Очень часто мои пациенты спрашивают, почему у меня так много черепашек. Они стоят на нескольких полках рядом с книгами у меня в кабинете. Не помню, как я начал их коллекционировать, но помню, откуда взялась первая.
Я приводил в порядок квартиру матери после ее смерти. Там она и обнаружилась, в маленьком шкафчике-витрине. Я помнил эту черепашку с детства. Она сделана из золотистого металла, с откидывающимся панцирем, скрывающим потайное отделение. Я снял ее с полки, заинтригованный, что же может находиться внутри. Может быть, какая-то подсказка о жизни моей матери или о моем детстве? Или что-то давно забытое: локон, старинное кольцо, старая монетка? Однако, открыв ее, я с удивлением увидел, что она пуста. Думаю, я был разочарован, но точно сказать не могу, ведь мной владела скорбь.

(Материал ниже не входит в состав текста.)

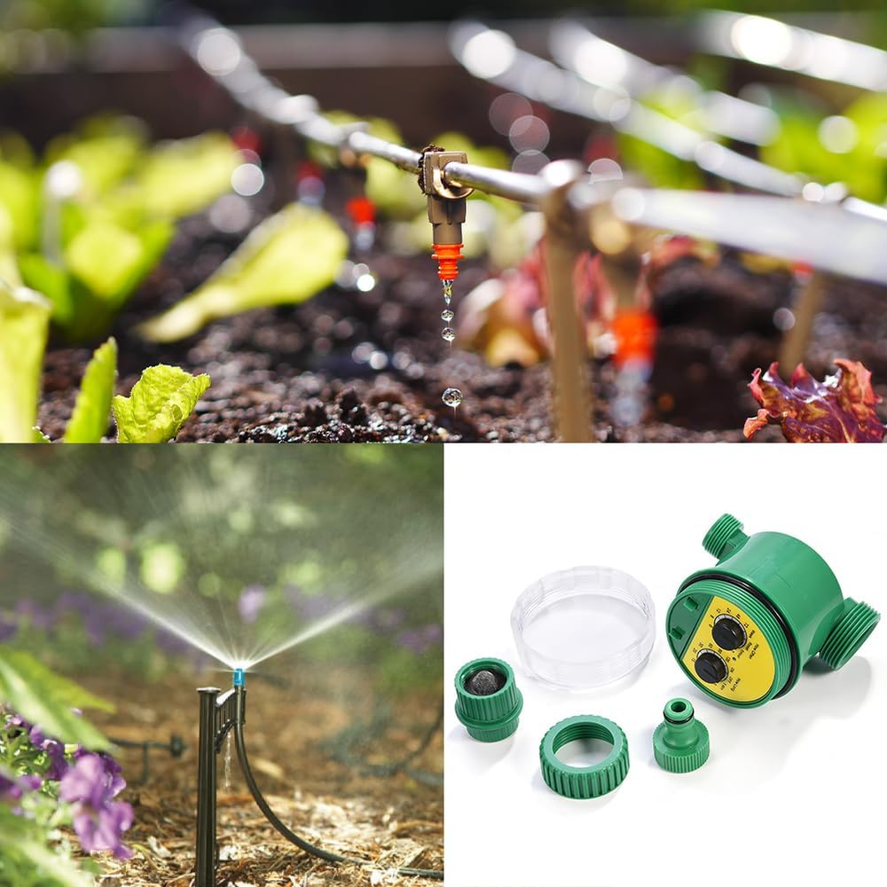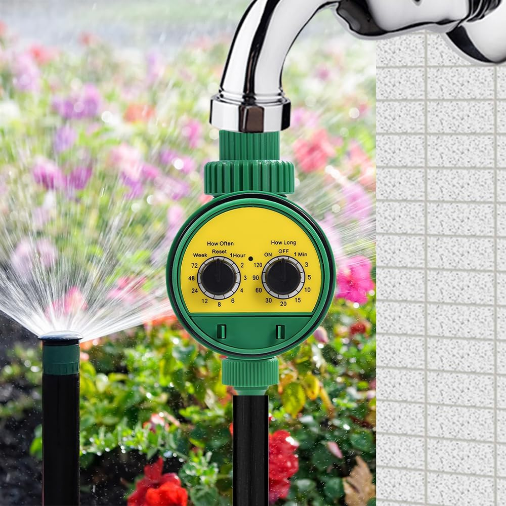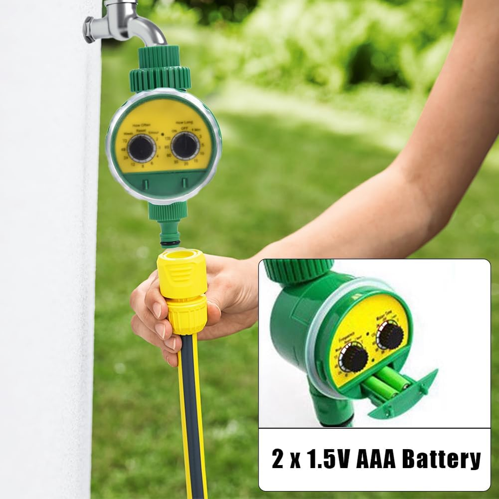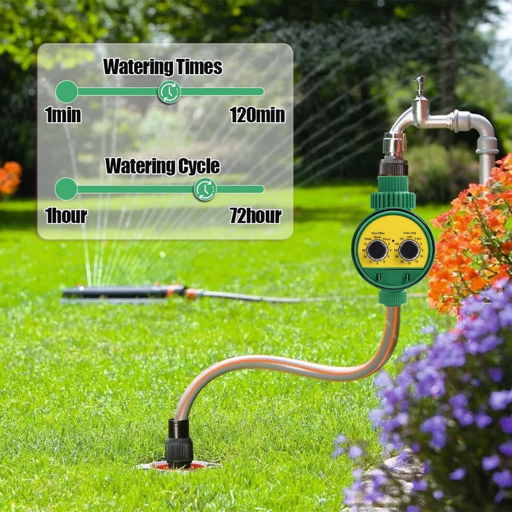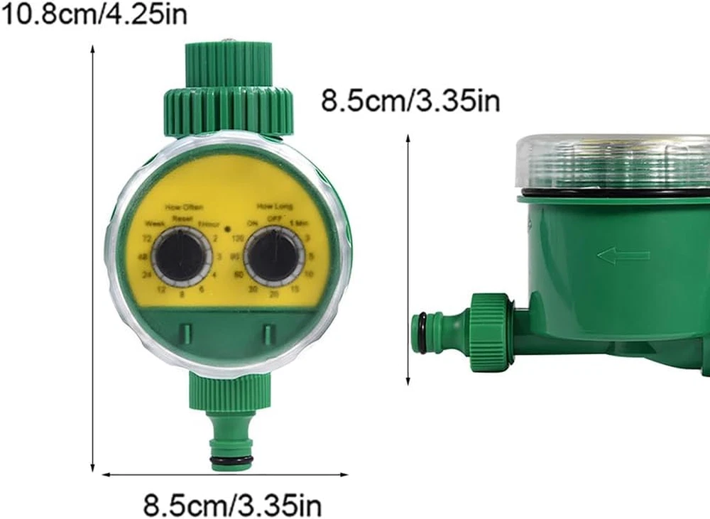 Rain Delay and Manual Mode: The automatic watering sprinkler timer can delay for 24/48/72 hours when it rains. Avoid wasting water and give more love to your plants when you are away from home. Using manual mode of the garden hose sprinkler timer, any lawn or garden can be watered as needed, without interrupting your schedule Large Font and No Slip Dials: The sprinkler timer controller with a larger font makes our digital water timer easier for you to check the readout, especially for elders. The dials with serrated edges is more resistant to slipping and easier to hold for manipulation the dial drip irrigation timer Waterproof Construction: With its UV resistant coating and IP54 waterproof rating, the automatic garden water controller is perfect for outdoor garden or lawn watering, even in windy and rainy conditions. With raw tape wrapped around the faucet, the outdoor irrigation timer and the faucet are fixed more closely, so you don't have to worry about water leakage Intuitive To Operate: Rotate the oversized dial to set clock, start time, how long and how often for all the 3 programs. Rotate it to “ON” and your programs automatically run when using our programmable dial irrigation controller and waterproof digital irrigation timer Wide Range of Applications: The rain delay watering lawn timer and hose timer for lawns pool are ideal for outdoor gravity drip irrigation, garden hose watering, lawn sprinkler controller, greenhouse mist system, pool filling, birdbath dripper, rain barrels, among others Product Description About Lwuey We believe in the power of a positive attitude and the desire for a better life, and create a larger, happier life for yourself We are explorers and adventurers who are always looking to make progress and push the boundaries of what is possible Thank you for choosing "Lwuey", and we look forward to being a part of your journey towards a better, more fulfilling life Regular Watering Timer Without Effort Auto on Manual Water Timer for Garden Irrigation clocks make regular watering to provide your lawn and garden plants with sufficient moisture. Irrigation computers do the work for you: they are efficient and easy to use The manual watering clock mechanical up to 120 min mode is useful if you need water outside of the programmed watering times. This water timer allows you to bypass the automatic watering cycle at any time and water as needed Efficient and User Friendly Irrigation Irrigation programmers make a regular supply of water for your lawn and garden plants without you having to worry about it. Irrigation computers make the task easy and efficient, so you no longer have to worry about watering Flexible Settings The watering cycles can be set from 1 to 72 hours and 1 week. The duration of each faucet programmer watering can be set from 1 to 120 minutes (1, 3, 5, 10, 15, 20, 30, 60, 90, 120) Setting the watering duration and frequency is child's play thanks to the two rotary controls and can be flexibly adjusted depending on the specific requirements of your garden Specifications: Batteries: 2 x 1.5 V AAA batteries (not included) Material: ABS Suitable Water Temperature: 5 ℃ - 40 ℃ Suitable Water Pressure: 0-8 Kg Working Pressure: 0-4 Kg Size: 85 * 108 mm Package Weight: 276 G Scope of Delivery: 1 X Watering Timer Waterproof and Durable, Applicable to a Variety of Scenarios This automatic watering programmer electronic timer is equipped with IP65 waterproof rating. Its transparent cover and the rubber ring around the cover make complete waterproofness This means that it can be used outdoors, even in the rain, without having to worry about damage. Please remember to cover the water timer tightly when it rains to extend its life and make it works properly This automatic watering accessory timer for waterless pressure water is versatile and can be used in various scenarios. It is ideal for gardens, lawns, balconies and courtyards Easy Installation with 1/2“ Connection Adapter Simply connect your irrigation controller between your faucet and garden hose and you can regulate watering times and cycles. The irrigation programmer for garden is automatic, so that your garden is continuously supplied with moisture for days. The settings can be easily adjusted with two dials Installing this irrigation timer is simple. All you have to do is connect it between your faucet and garden hose. Once you've done that, you can set the watering times and cycles according to your needs The irrigation control at the time is then automatic, so that your garden is continuously supplied with the moisture it needs. This allows you to water your plants even when you are not at home and makes that they are always optimally supplied Flexible, Adjustable Irrigation Duration and Frequency The watering duration and frequency are flexible thanks to the two rotary controls. This allows you to tailor the watering exactly to the specific needs of your garden. You can individually set the watering duration, be it for shorter waterings on hot days or longer watering cycles in dry periods You can also set the watering frequency according to your needs, be it for a daily supply of your plants or less frequent watering. This allows precise control of the water flow and makes that your plants always receive the optimal amount of moisture without being wasteful

Когда пациенты расспрашивают меня о моей коллекции, я охотно им отвечаю, но никому не рассказываю о ее связи с моей матерью; просто говорю, что начал собирать черепашек довольно давно и что они мне очень нравятся. Я часто добавляю, что они напоминают мне людей – наши панцири и то, как мы прячемся. Уверен, что нечто подобное я сказал и Эйприл, когда она спросила меня о черепашках. На тот момент мы с ней были в терапии сравнительно недолго, месяцев шесть. Скорее всего, прежде чем рассказать ей, что для меня означают черепахи, я поинтересовался ее мнением.
В глубинной психотерапии отношения пациента и терапевта являются одновременно реальными и воображаемыми. Они реальны в том смысле, что я, терапевт, стремлюсь к эмоциональному присутствию и искренности. Однако они воображаемы в том смысле, что я как терапевт вживаюсь для своих пациентов (а они – для меня) в роли, наполненные субъективными плодами воображения. Мы, работающие в сфере глубинной психотерапии, называем это переносом и контрпереносом.
За 120 лет, прошедших с того момента, когда Зигмунд Фрейд и Карл Юнг привлекли наше внимание к бессознательному, мы, клиницисты, открыли, что паттерны раннего периода нашего развития служат нам сырьем для создания воображаемого представления о других[7]. Все мы создаем эти «проекции». В сущности, это строительные блоки нашей субъективности.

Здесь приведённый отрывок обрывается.